> _Task brief_:
A verbatim transcript of the data that follows, free of images, is the expected result.

> _Stored data_:
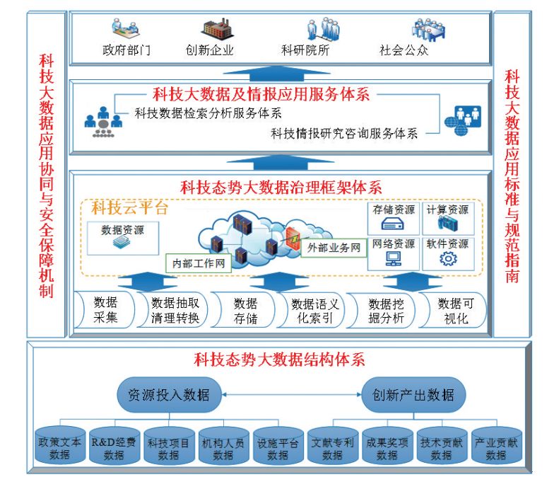 2)建设科技态势大数据及情报应用服务云平台,对内建立完善的科技数据与情报成果管理和共享机制;对外提供科技态势大数据多维检索与分析,以及情报研究咨询定制服务,提高科技大数据及情报应用服务的便利性、规范性和权威性。
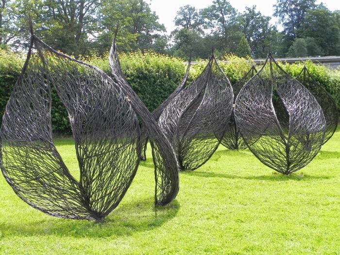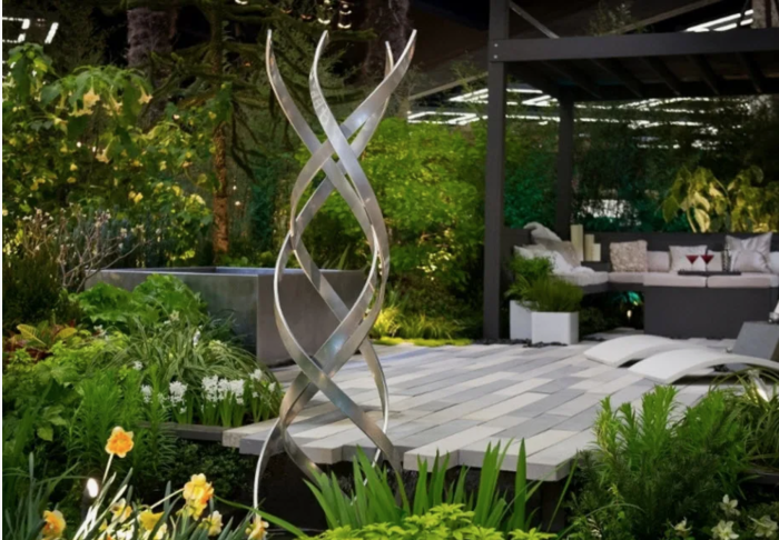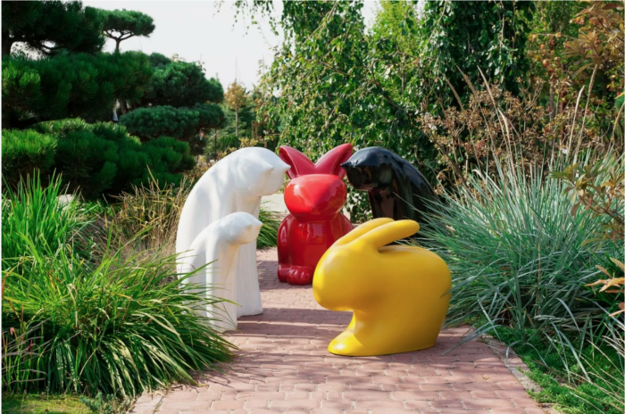 Кроме нестандартных форм можно использовать и привычные для сада и цветника растительные тематики. Такие фигурки в виде цветов и листьев украсят территорию там, где цветы обычно не сажают. Как правило, среди них тоже есть наиболее популярные и универсальные, например, в виде больших одуванчиков, которые иногда бывают и фонарями, зонтиками растений, листьями папоротников или разнообразны тропических растений, а также различными плодами или соцветиями. Они изготавливаются из бетона, отливаясь в формах, либо могут быть сделаны из арматуры или листов металла. Есть крашеные варианты или нержавеющей стали. Стоит отдать предпочтение более натуральным и менее ярким цветам и оттенкам. Дело в том, что в первую очередь они должны выигрышно выделяться, а не смотреться странно и непривычно рядом с натуральными цветами и кустарниками. Есть много более абстрактных и авторских вариантов, они подойдут лучше всего, будет ясно, что они установлены для декора. Это будет стильным решением.
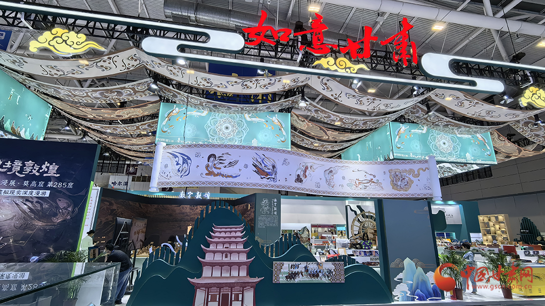 據(jù)了解,甘肅主題館位于深圳國際會展中心文化產(chǎn)業(yè)綜合展9號館,展陳面積510平方米,以主線貫穿、特色鮮明、視覺宏觀、內(nèi)容豐富為總體設(shè)計宗旨,采用敦煌壁畫中石綠為主色調(diào),頂部裝飾敦煌壁畫中藻井圖及線條,融入“九色鹿”“飛天”等設(shè)計元素,突出甘肅的歷史感和雄渾大氣。

> _Solution for this problem_:
 2)建设科技态势大数据及情报应用服务云平台,对内建立完善的科技数据与情报成果管理和共享机制;对外提供科技态势大数据多维检索与分析,以及情报研究咨询定制服务,提高科技大数据及情报应用服务的便利性、规范性和权威性。
 Кроме нестандартных форм можно использовать и привычные для сада и цветника растительные тематики. Такие фигурки в виде цветов и листьев украсят территорию там, где цветы обычно не сажают. Как правило, среди них тоже есть наиболее популярные и универсальные, например, в виде больших одуванчиков, которые иногда бывают и фонарями, зонтиками растений, листьями папоротников или разнообразны тропических растений, а также различными плодами или соцветиями. Они изготавливаются из бетона, отливаясь в формах, либо могут быть сделаны из арматуры или листов металла. Есть крашеные варианты или нержавеющей стали. Стоит отдать предпочтение более натуральным и менее ярким цветам и оттенкам. Дело в том, что в первую очередь они должны выигрышно выделяться, а не смотреться странно и непривычно рядом с натуральными цветами и кустарниками. Есть много более абстрактных и авторских вариантов, они подойдут лучше всего, будет ясно, что они установлены для декора. Это будет стильным решением.
 據(jù)了解,甘肅主題館位于深圳國際會展中心文化產(chǎn)業(yè)綜合展9號館,展陳面積510平方米,以主線貫穿、特色鮮明、視覺宏觀、內(nèi)容豐富為總體設(shè)計宗旨,采用敦煌壁畫中石綠為主色調(diào),頂部裝飾敦煌壁畫中藻井圖及線條,融入“九色鹿”“飛天”等設(shè)計元素,突出甘肅的歷史感和雄渾大氣。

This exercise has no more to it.